══ Dataset content ══
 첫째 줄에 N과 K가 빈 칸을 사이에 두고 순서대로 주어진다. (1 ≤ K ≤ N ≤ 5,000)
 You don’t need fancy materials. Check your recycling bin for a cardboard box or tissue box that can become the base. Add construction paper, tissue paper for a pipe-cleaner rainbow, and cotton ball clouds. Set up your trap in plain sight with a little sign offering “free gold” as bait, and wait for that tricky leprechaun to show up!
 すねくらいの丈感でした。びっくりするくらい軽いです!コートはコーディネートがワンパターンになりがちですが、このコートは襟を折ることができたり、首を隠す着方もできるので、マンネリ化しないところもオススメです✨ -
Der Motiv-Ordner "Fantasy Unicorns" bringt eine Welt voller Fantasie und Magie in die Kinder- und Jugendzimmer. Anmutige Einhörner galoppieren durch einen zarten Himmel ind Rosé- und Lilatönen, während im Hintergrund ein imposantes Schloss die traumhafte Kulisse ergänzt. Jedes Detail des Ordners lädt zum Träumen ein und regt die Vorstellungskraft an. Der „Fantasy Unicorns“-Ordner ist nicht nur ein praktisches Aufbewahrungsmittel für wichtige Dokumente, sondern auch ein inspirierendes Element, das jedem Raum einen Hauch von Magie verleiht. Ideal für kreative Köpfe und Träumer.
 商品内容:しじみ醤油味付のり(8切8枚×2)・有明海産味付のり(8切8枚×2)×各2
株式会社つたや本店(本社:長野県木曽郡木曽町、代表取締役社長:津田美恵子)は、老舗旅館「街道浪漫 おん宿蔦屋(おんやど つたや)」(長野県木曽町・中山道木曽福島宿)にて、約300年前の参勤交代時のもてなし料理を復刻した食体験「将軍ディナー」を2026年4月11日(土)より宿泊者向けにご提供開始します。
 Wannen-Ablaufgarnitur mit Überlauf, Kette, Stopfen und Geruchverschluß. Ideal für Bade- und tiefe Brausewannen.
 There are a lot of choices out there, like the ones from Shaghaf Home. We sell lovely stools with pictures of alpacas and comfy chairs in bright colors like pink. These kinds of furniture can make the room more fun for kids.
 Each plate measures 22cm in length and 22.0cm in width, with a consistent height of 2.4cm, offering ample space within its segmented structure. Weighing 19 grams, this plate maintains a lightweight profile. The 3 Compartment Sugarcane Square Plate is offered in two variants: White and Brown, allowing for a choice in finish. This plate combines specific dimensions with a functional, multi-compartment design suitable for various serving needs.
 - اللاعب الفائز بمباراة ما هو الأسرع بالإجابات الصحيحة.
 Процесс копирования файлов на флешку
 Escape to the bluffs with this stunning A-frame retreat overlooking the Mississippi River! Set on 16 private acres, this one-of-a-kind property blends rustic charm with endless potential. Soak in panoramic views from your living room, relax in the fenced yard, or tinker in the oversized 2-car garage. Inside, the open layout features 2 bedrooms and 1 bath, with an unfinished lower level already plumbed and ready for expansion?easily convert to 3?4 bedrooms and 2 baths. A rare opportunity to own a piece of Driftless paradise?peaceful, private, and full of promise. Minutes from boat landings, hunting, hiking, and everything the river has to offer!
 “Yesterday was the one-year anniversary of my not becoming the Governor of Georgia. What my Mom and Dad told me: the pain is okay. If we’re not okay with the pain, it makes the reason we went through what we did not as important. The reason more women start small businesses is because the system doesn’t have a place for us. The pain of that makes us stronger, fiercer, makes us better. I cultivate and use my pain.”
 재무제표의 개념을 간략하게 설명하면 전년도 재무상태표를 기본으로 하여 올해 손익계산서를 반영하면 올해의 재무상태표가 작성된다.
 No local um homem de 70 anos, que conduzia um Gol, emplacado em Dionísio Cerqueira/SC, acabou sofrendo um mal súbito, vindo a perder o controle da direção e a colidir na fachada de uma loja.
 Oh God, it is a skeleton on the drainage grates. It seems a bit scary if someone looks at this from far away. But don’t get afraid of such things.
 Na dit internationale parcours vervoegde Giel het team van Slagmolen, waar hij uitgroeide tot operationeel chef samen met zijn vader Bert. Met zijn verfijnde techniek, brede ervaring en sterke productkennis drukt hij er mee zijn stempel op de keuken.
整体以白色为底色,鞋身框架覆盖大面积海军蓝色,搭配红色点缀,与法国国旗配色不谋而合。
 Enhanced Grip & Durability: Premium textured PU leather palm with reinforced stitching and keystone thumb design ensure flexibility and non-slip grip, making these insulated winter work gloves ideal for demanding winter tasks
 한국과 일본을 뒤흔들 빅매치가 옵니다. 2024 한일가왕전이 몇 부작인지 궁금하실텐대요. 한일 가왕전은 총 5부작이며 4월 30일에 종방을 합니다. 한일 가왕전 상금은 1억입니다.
═══
Problem: Copy out, exactly and alone, the lines of the entries above between the ones holding "すねくらいの丈感でした。びっ" and "Процесс копирования файлов на флешку", inclusive.

Output of the exercise:
 すねくらいの丈感でした。びっくりするくらい軽いです!コートはコーディネートがワンパターンになりがちですが、このコートは襟を折ることができたり、首を隠す着方もできるので、マンネリ化しないところもオススメです✨ -
Der Motiv-Ordner "Fantasy Unicorns" bringt eine Welt voller Fantasie und Magie in die Kinder- und Jugendzimmer. Anmutige Einhörner galoppieren durch einen zarten Himmel ind Rosé- und Lilatönen, während im Hintergrund ein imposantes Schloss die traumhafte Kulisse ergänzt. Jedes Detail des Ordners lädt zum Träumen ein und regt die Vorstellungskraft an. Der „Fantasy Unicorns“-Ordner ist nicht nur ein praktisches Aufbewahrungsmittel für wichtige Dokumente, sondern auch ein inspirierendes Element, das jedem Raum einen Hauch von Magie verleiht. Ideal für kreative Köpfe und Träumer.
 商品内容:しじみ醤油味付のり(8切8枚×2)・有明海産味付のり(8切8枚×2)×各2
株式会社つたや本店(本社:長野県木曽郡木曽町、代表取締役社長:津田美恵子)は、老舗旅館「街道浪漫 おん宿蔦屋(おんやど つたや)」(長野県木曽町・中山道木曽福島宿)にて、約300年前の参勤交代時のもてなし料理を復刻した食体験「将軍ディナー」を2026年4月11日(土)より宿泊者向けにご提供開始します。
 Wannen-Ablaufgarnitur mit Überlauf, Kette, Stopfen und Geruchverschluß. Ideal für Bade- und tiefe Brausewannen.
 There are a lot of choices out there, like the ones from Shaghaf Home. We sell lovely stools with pictures of alpacas and comfy chairs in bright colors like pink. These kinds of furniture can make the room more fun for kids.
 Each plate measures 22cm in length and 22.0cm in width, with a consistent height of 2.4cm, offering ample space within its segmented structure. Weighing 19 grams, this plate maintains a lightweight profile. The 3 Compartment Sugarcane Square Plate is offered in two variants: White and Brown, allowing for a choice in finish. This plate combines specific dimensions with a functional, multi-compartment design suitable for various serving needs.
 - اللاعب الفائز بمباراة ما هو الأسرع بالإجابات الصحيحة.
 Процесс копирования файлов на флешку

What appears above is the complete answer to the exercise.